The senator explained that she learned to have meetings with lobbyists that were “relaxed and comfortable” even if they disagreed on policy positions. However, Goldberg argued that Sinema’s self-actualization was related to “operating in the minority, not exercising power” and asserts that now that Democrats have the power, the senator should abandon her focus on bipartisanship and operating on principles.

Goldberg quoted Emily Kirkland, executive director of Progress Arizona, a group that worked to get Sinema elected. She said:

I think she’s just really invested in that self-image, personally, as someone who stands up to her party, and I think she has really lost track of what is actually politically prudent, even to put aside the impact on the lives of millions of people.

The author ends her piece by proclaiming:

There’s a difference, it turns out, between being a maverick and being a narcissist.

Perhaps the question we should be asking is “What’s wrong with The New York Times?” In fact, it might even be better to ask what is wrong with people like Goldberg and her ilk, who don’t seem to understand the role of a lawmaker.

Sinema is in the Senate to represent the interests of her constituents, not the President of the United States or the whole of the Democratic Party.
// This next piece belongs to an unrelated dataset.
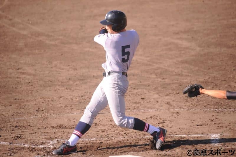 2戦連続安打と好調の吉川試合が動いたのは6回表、東海大海洋に1死から出塁されると、暴投などで三塁まで塁を進められる。ここを抑えたかった梶谷だったが、4番・岡崎元貴(1年・岩倉)に安打を浴び、追加点を許す。しかしその裏、無死で代打・吉川海斗(法2・慶應)が左翼への安打で出塁し、さらに盗塁成功で無死二塁とする。久しぶりに得点圏に走者を進めた慶大は、続く古野が球を捉え2点目とし、試合を再び振り出しに戻した。盗塁を決め2死二塁と更なるチャンスを迎えるが、追加点とはならなかった。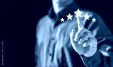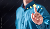excellent, give, rate, ranking, quality, evaluation, feedback, review, satisfaction, survey. A man is pointing at a five star rating. Concept of achievement and success.

She, along with Manchin, do not represent solidly blue states, and they are painfully aware of the fact that much of what the far-left is pushing in Congress is not popular with those who put them into office.

Moreover, while the word “bipartisanship” has become verboten to many on both sides of the political divide, there are still some who believe that it is not desirable for one party to run roughshod over the minority while pushing through an agenda that might not be popular with most of the public.

The reality is that someone like Sinema, who is standing on principle, is destined to be a thorn in the side of far-left progressives who believe they should get their way no matter what. Indeed, these are folks who don’t understand the concept of having principles because, for the most part, they don’t have any.

These people believe that a Democratic senator should vote for the party’s agenda regardless of how their constituents feel because their mission is more important than the people it might affect. This is what is wrong with The New York Times and most other activist media outlets.